Israel and First Hypomania
I was slated to go to Israel in late December of 1973. This was only about ten months after the depression. A year in the planning, the Yom Kippur war broke out in September after a surprise attack on Israel by Syria and Egypt. Being young and immortal, and against the wishes of my parents, I boarded
Flight 812, which started in New York City. The next stops were Paris, Rome, Athens, and then Tel Aviv. After that, it would fly to Bombay and eventually back to NYC. Clearly, I was traveling there at a volatile time. The waiting area of Da Vinci airport had been shot up by PLO just a few weeks earlier with multiple deaths.

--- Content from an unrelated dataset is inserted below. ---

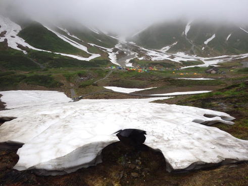 雪渓が解けて下の方が空洞になっている 6時46分 雷鳥沢キャンプ場のテントが見える

Dr. Lazar, an eye surgeon I had done research with at Mt. Sinai Hospital in N.Y.C. summers while at Yale, picked me up at the Tel Aviv airport. Shortly after leaving the airport, we saw a soldier in full battle gear with some form of AK-47. Much to my surprise, Dr. Lazar stopped our VW Beetle to pick him up. This move was quite a change from what I’d been taught by my folks about picking up hitchhikers.
Instead of my learning about diseases of the eye in textbooks, Dr. Lazar and I spent our time driving to kibbutz, mostly of them in the north of Israel. We’d pick up soldiers with eye injuries two at a time in that very same VW.
Back in the hospital, almost all these wounds required removal of a bad eye. Dr. Lazar showed me how to do this surgery onetime. An old adage in medicine—“See one, do one, then teach one”—applied here.
I was beginning to get into all this. The excitement was more. It was an exuberance. It was not wanting to go to sleep. So, I started smoking and drinking a lot of scotch at night in my room and fashioned myself a war corresponded. Then I sought the night life of Disengoff street and the food. Back in my room the Jerusalem Post needed to be longer. With little sleep I did not feel tired. I couldn’t get dressed fast enough and be back at the hospital.
Many of the men my age were off to war and the mothers of the Lazar’s friends called to set me up with their daughters. I had many movie dates. Neither they or me wanted to go whole hog but after one or two nights we were intimate. There were too many for three months. Was it because of a shortage of men or because I was going to be a nice Jewish doctor in America?
The next six weeks I chose to work in the E.R. instead of doing cardiology. Tel Ashomer was the military hospital. One weekend I got a flight on a small military plane to Eilat on the Red Sea. I could see Jordan, Saudi Arabia and Egypt from one spot along the beach. Just west on the coast was Aqqaba of Lawrence fame.
My best friend and guide on some of my day trips was Brach (Brak to me), who was a technician in the Eye Department. He toured me around Israel by car.
Shortly before I left for home, he was relaxing on a beach in Netanya, just north of Tel Aviv, when he was killed by a Syrian rocket launched from Lebanon by Hezbollah. The trip home was supposed to be non-stop from Tel Aviv to New York City. Instead it was three 747s over 24 hours. One malfunctioned over the Mediterranean. The replacement in London needed to be replaced. The third one over the Atlantic had to be diverted to Washington, D.C. because of a storm in N.Y.C.
None of us seemed bothered as the drinks were free over the Atlantic and the seat belt sign remained off. We were put up that night at the Sheraton. The next day I flew on to St. Louis. I saw Dr. McClure and did not want to label me bipolar but he put me on Tegretol, to which I immediately had a rash, and increasing doses of valium. It seemed the good time was over.